1-9 中 卯月はエッチコンロを点火したい
高校の合格発表日だったが、私は家を出ることも着替えることもせずに、パジャマのまま布団に刺さっていた。
今年の合格発表は、新型コロナウイルスの影響で学校前に受験番号の張り出しはせず、ホームページ上で確認することとなったらしい。なので、わざわざ布団から出ずともこの場で合否を確認できるのである。
「あった」
スマホで高校のホームページを開き、そこに自分の受験番号が載っていることを確認する。
私が受験した高校は受ければ受かるような田舎の公立校なので、特に何の感慨もない。むしろ落ちる方が難しいのである。
「……これで良かったんかな」
自分の進路に一抹の不安を覚える。
私の成績なら、この町を出ることにはなるが、寮付きでもっと偏差値の高い高校に入ることもできると中学の担任からは言われていた。

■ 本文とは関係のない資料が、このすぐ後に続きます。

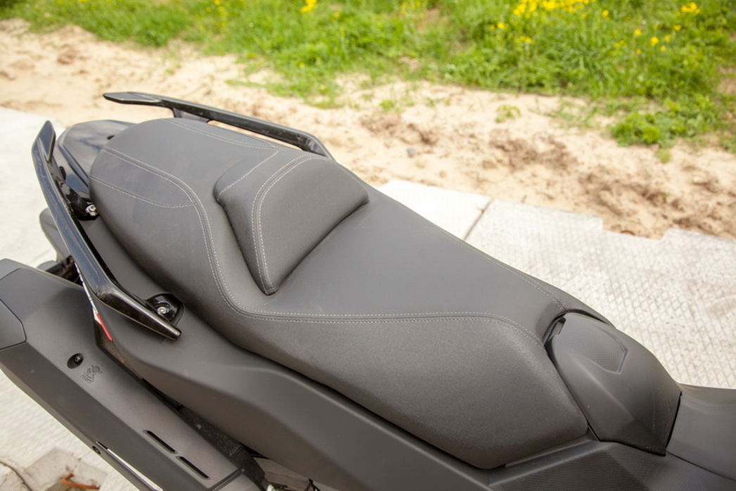 Еще один плюс тайваньского «максика» в том, что он удобен для поездок как на короткие, так и на длинные расстояния. Переднее сиденье — сродни автомобильному креслу — удобно и комфортабельно, и даже имеет небольшую поддерживающую спинку. Для ног есть два вида подножек: горизонтальные и, чтобы ноги не затекали в одном положении, да и просто для удобства, под углом. С такой посадкой пара сотен километров проезжается в один присест. Можно, конечно, и больше, но бак вмещает 12,5 литров топлива, а расход на сотню составляет около 5-и литров.

その学校のパンフレットを見せてもらったこともあるのだが……。
「いやいやいや、寮生活……相部屋……絶対無理……」
私は純度の高いぼっち気質だ。他人と同じ空気を吸っていると、それだけでじわじわとHPが削られてくるのだ。
そんな私が自室に一人でいる時間を失うと、息苦しすぎて死んでしまうだろうということで、そっちの道は断念した。
しかし、こっちの道も、それはそれで茨の道である。
ド田舎ゆえに九割以上が中学も同じ地元民であり、高校に上がった段階ですでにコミュニティが形成されている可能性が極めて高い。
ということは、だ。
わ、私はまた……こ、高校でもぼっち生活を送ることになるんじゃ……。
私は一人の時間がないと生きられない気質の人間ではあるが、好き好んでそんな風になったわけではない。可能ならば、青春というものを謳歌したいのである。
「やべぇよ……このまま入学したら、ぼっちコンロ点火しちゃうよ……」
ぼっちコンロ点火!!
ぼちちちちちちちちちち!!
脳内を、コンロが点火する謎映像が駆け抜けていく。
「いやだぁぁぁ! 私は高校デビューして! 逆ハーレム形成して! エッチコンロを点火するんじゃああああ!」
私はしばらくの間、ベッドの上でジタバタともがき苦しんだ。そして意を決する。
こうしちゃいられない!
スタートダッシュで差をつけろ!
入学前に素敵な出会いを見つけて、彼氏持ち非処女のスクールカースト上位勢として高校生活をスタートさせるんじゃい!
私は布団からシュバっと飛び出すとパジャマをバッと脱ぎ捨て、シュバババっとオシャレ(当社比)な服に着替え、髪を梳かしてから家を出たのであった。